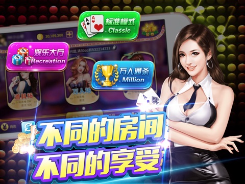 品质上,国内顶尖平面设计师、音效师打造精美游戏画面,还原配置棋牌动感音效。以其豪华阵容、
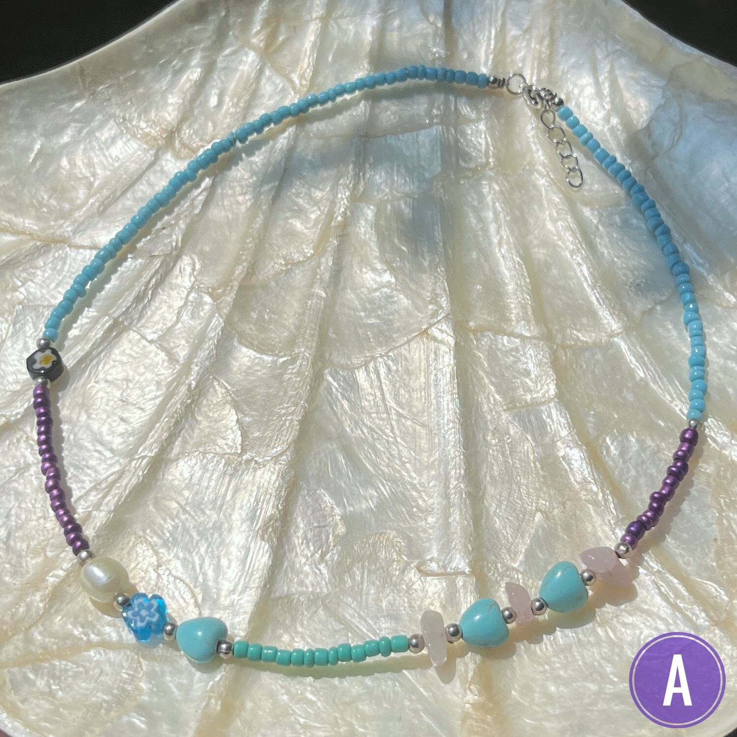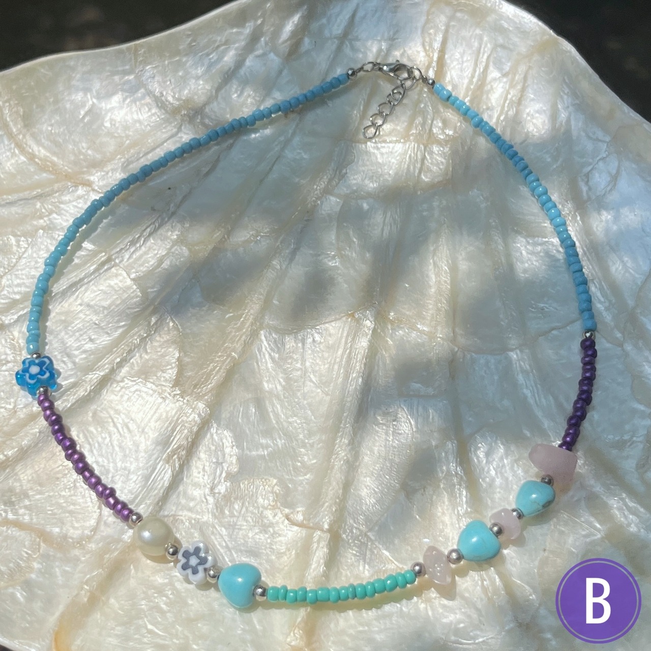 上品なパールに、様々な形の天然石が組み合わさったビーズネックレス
...
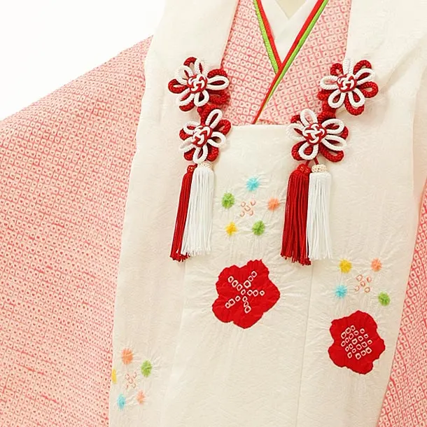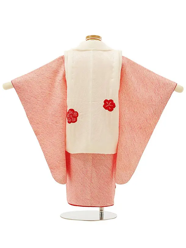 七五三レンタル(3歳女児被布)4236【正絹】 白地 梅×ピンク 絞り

▸ Task: Copy only these lines from the records above, exactly: the one with "品质上,国内顶尖平面设计师、", the one with "上品なパールに、様々な形の天然石が組み合わさったビーズネックレス", and those between. Skip the pictures.

▸ Result of this exercise:
 品质上,国内顶尖平面设计师、音效师打造精美游戏画面,还原配置棋牌动感音效。以其豪华阵容、
 上品なパールに、様々な形の天然石が組み合わさったビーズネックレス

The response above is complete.